The energy system of Homo Sapiens’ civilisation is much more complex. Not only must we secure an abiotic surplus to survive we also require access to abstract agreements such as debt, crop enhancers such as fertilisers and a vast distribution network in the form of transportation links and power lines. Therefore, whenever we talk about power distribution systems we are really talking about debt, energy and infrastructure. Without these components none of it works. Whilst it is beyond the scope of this paper to analyse the components of industrialised civilisation in further detail it is clear that energy distribution is a systems problem.
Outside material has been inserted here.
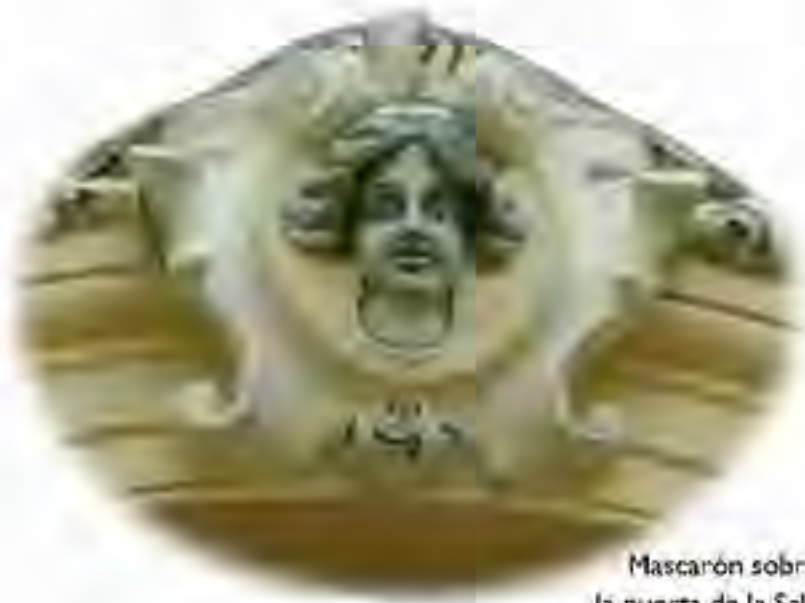
Mascarón sobre la puerta de la Sala "Juan Sebastián Bach"

SECRETARÍA DE EDUCACIÓN PÚBLICA DIRECCIÓN GENERAL DE PROFESIONES DIRECCIÓN GENERAL DE INVESTIGACIÓN Y DESARROLLO TECNOLÓGICO DIRECCIÓN GENERAL DE EVALUACIÓN Y CALIDAD DIRECCIÓN GENERAL DE FOMENTO Y PROMOCIÓN DIRECCIÓN GENERAL DE INFORMACIÓN Y COMUNICACIÓN DIRECCIÓN GENERAL DE RECURSOS HUMANOS DIRECCIÓN GENERAL DE SERVICIOS ESCOLARES DIRECCIÓN GENERAL DE TRABAJO SOCIAL DIRECCIÓN GENERAL DE VINCULACIÓN Y SERVICIOS COMUNITARIOS

It is within the scope of this paper, however, to recommend a number of actions that, if undertaken, would ensure that the United Kingdom utilised the highest quality of energy sources available. With that goal in mind Energy Policy could be used as a tool to improve both the reporting mechanism for energy quality and enforce a minimum ERoI threshold that each energy source shall meet before acceptance for national distribution. The purpose of this is to ensure that the power distribution network complies with the observations referenced in this paper – chiefly that high ERoI energy sources result in a higher standard of living. This would be achieved as follows;
- Determine a universal method for ERoI calculations which incorporates all energy inputs
- Ensure energy providers accurately report ERoI figures to the Regulator
- Set a minimum ERoI figure for acceptance by the national power distribution network
- Penalise energy suppliers which supply the national power distribution network using energy sources which fall below this ERoI value
If Energy Policy cannot prevent low quality energy sources from being made available to the national power distribution network then we must give serious examination to the effects upon society that a lower ERoI powered system will cause.
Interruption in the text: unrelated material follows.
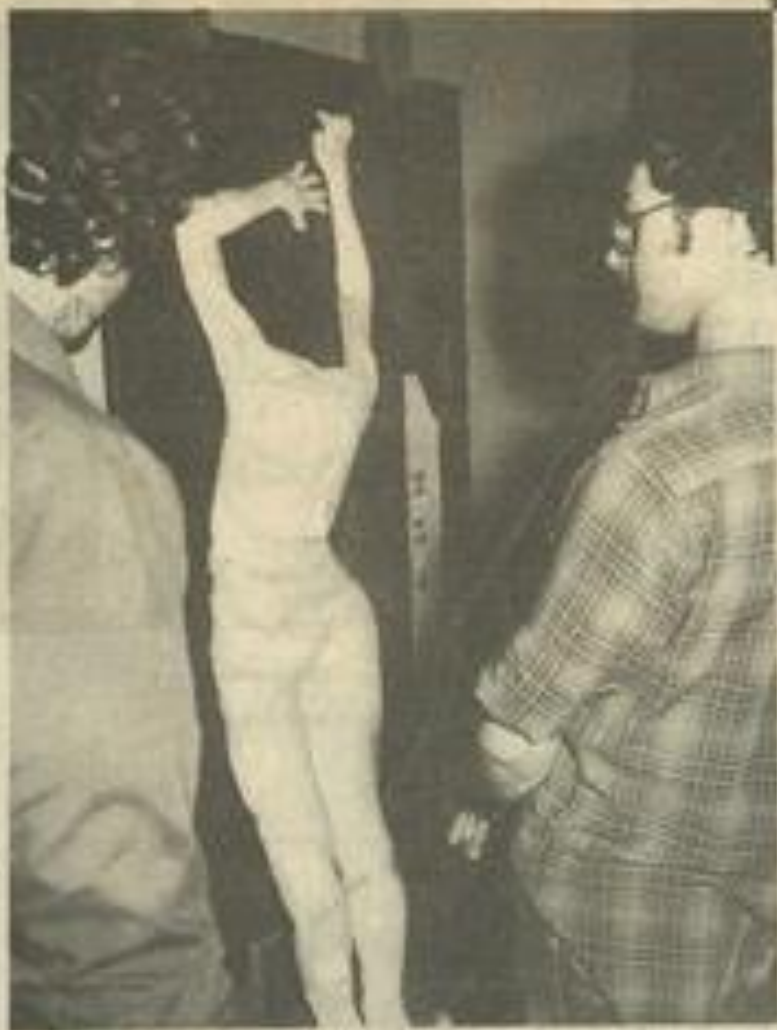
• Une sculpture.

From the data presented in this paper it is clear that the quality of our traditional energy sources are in decline and that renewable sources aimed to replace them are of even lower quality. With our high standard of living dependent upon high quality energy sources the need to accurately measure ERoI has never been greater. Systems analysis should be used to define the boundaries of ERoI analysis to provide a universal point of reference as a means of comparing various energy sources. Once established, this can be used to assess the quality of the energy sources available to the United Kingdom’s power distribution network. It may well be the case that the UK cannot attain an ERoISOC of 20:1. If that is the case we must engage in serious discussions about the implications to society and pay particular attention to the functions that a lower ERoI can afford.